• _WHAT YOU WILL DO_:
Note on the material below: return exactly the lines from the line that holds "右图：项目组工作人员调研第二批次项目校" through the line that holds "His works are", and leave out each picture.

[RECORDS PROVIDED]

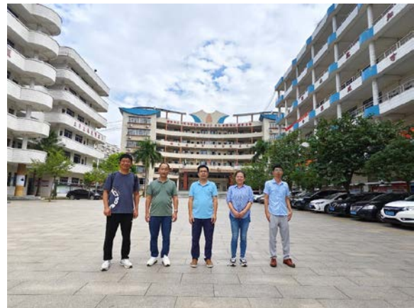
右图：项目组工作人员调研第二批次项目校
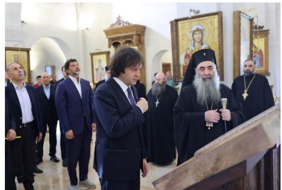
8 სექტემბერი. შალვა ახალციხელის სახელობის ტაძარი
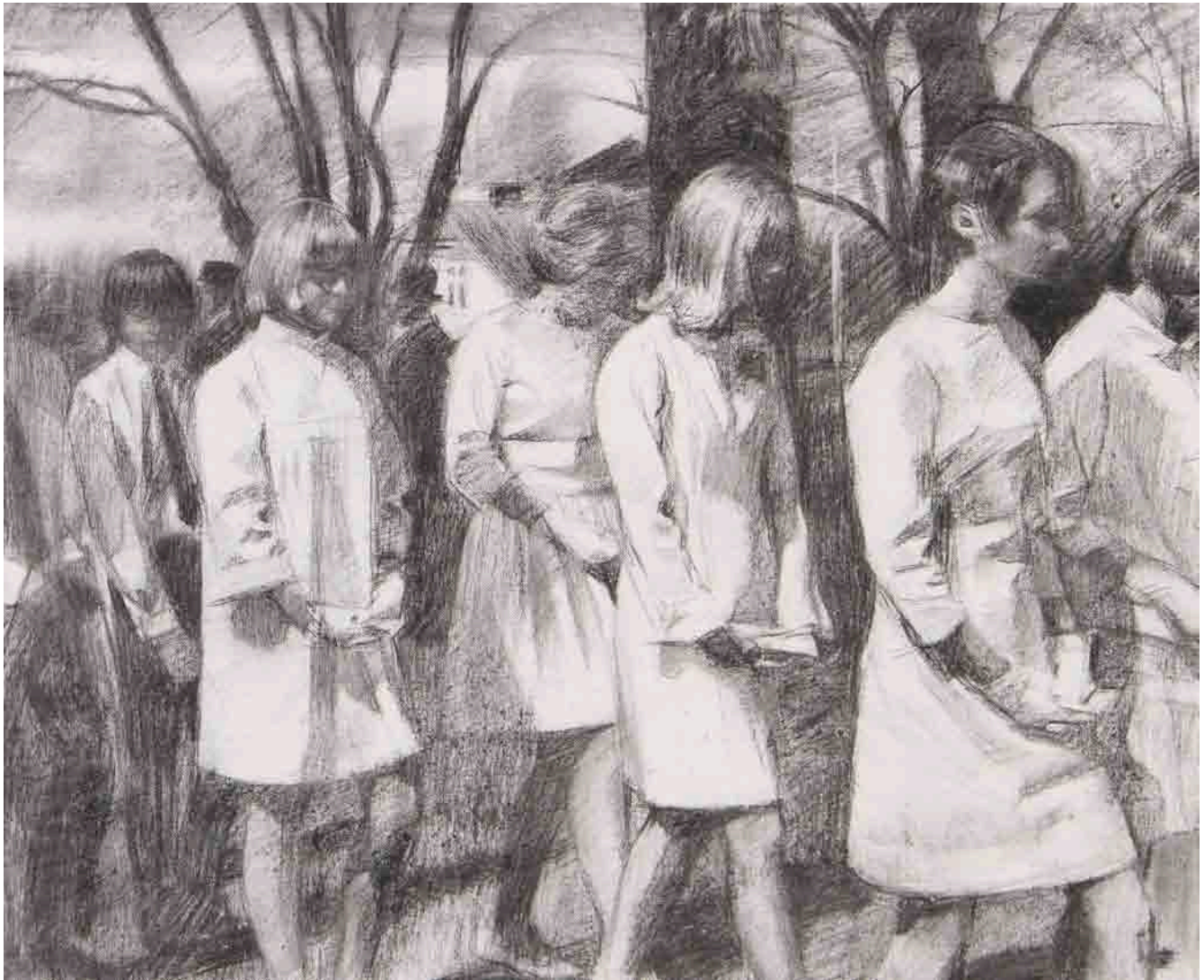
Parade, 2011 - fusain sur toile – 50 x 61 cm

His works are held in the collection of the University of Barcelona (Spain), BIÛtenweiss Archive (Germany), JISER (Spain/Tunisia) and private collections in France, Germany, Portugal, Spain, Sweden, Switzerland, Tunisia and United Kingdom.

[/RECORDS PROVIDED]
[RECORDS PROVIDED]

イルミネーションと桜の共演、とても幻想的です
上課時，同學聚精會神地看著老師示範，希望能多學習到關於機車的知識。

[/RECORDS PROVIDED]
[RECORDS PROVIDED]

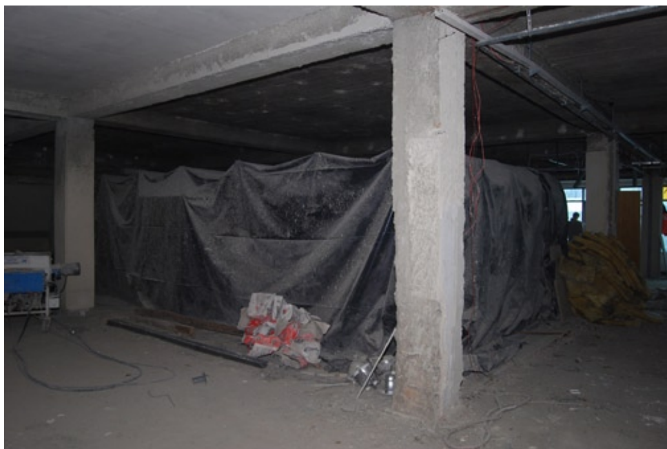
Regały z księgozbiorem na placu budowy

[/RECORDS PROVIDED]

• _WRITTEN SOLUTION_:
右图：项目组工作人员调研第二批次项目校
8 სექტემბერი. შალვა ახალციხელის სახელობის ტაძარი
Parade, 2011 - fusain sur toile – 50 x 61 cm

His works are held in the collection of the University of Barcelona (Spain), BIÛtenweiss Archive (Germany), JISER (Spain/Tunisia) and private collections in France, Germany, Portugal, Spain, Sweden, Switzerland, Tunisia and United Kingdom.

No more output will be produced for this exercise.